The Most Important Things to Know before Bidding at Horse Auctions

Have you been searching for hours for a new horse on the Internet or made trips all over the country looking for your next superstar? Our guess is that you still haven’t found “the one.” It’s time to consider buying horses and ponies at an auction! Horse auctions are known for being places where you can sometimes find a good horse for a lower price. Before you decide, however, to buy a horse at auction, here’s a shortlist of things to know before bidding at horse auctions.


Auctions don't allow returns

At horse auctions, sales are generally final. You won't have a chance to return the horse, even if you find out about a serious health issue. Every buyer should realize that he is buying the horse as-is, and that the sale will be final.


You generally won’t have a chance to test ride before buying

In most cases it is not allowed to test ride horses ahead of time, because of liability risks.


If you’re looking for specific horse breeds...

Check that the horse has a registered passport for that breed society.


It’s easy to get swept up in the bidding

You may have your heart set on a particular horse, but be careful to keep your emotions under control when bidding.

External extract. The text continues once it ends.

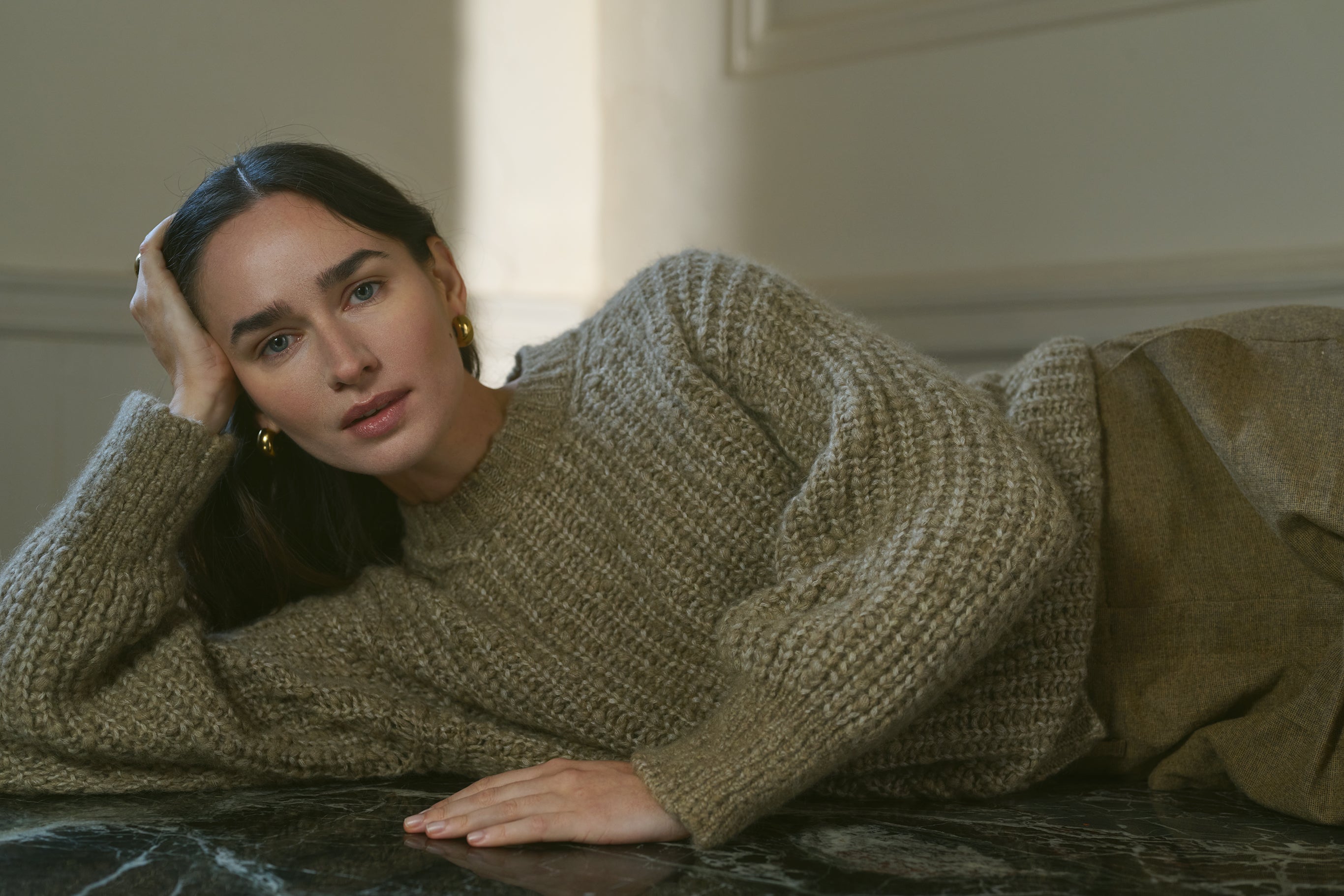 In diesem Thema kommen alle Sand-, Greige- und Grautöne zusammen, kombiniert mit einem Hauch von Metallic. Wir haben die Schönheit von Stoffen und Garnen wiederentdeckt. Reichhaltige Jacquards mit Schimmer und Glanz, beschichtetes Kunstleder und Baumwolltwill. Weiche, fließende Blusen werden aus besticktem und wollgemischtem Mélange-Voile hergestellt. Fantasiegarne und -kabel sind Stile in Grundformen, wie der Rundhalspullover. Mit dem Trend zur Schneiderei und maskulinen Elementen haben wir einen femininen Look geschaffen; bequeme Outfits mit übergroßen Pullovern und Jacken aus Souple-Garnen, Satin-Unterhemden und fließenden Faltenhosen.

It’s easy to get swept up when you’re bidding against others, and you may find yourself spending far more than you planned.


You never know what your new horse will be like

Buying a horse at an auction is a little bit like bringing home a mystery box. You don’t know much about the horse, its previous training, or even its character. You can never be sure about what your new horse will be like.


Your new horse will need to be quarantined

When horses are crowded together in an area like an auction, they may contract respiratory and other contagious diseases. It’s important that you quarantine any horse you buy from an auction so that he cannot pass diseases onto the other horses at your barn.


Have a few horses in mind

There may be someone else who wants to buy your dreamhorse, too! So, be prepared to have a backup, or two, later in the sale.


If you do decide to head to a horse auction, make sure to bring another experienced horse person with you. Two sets of eyes are always helpful in identifying possible pros and cons to the horses up for auction.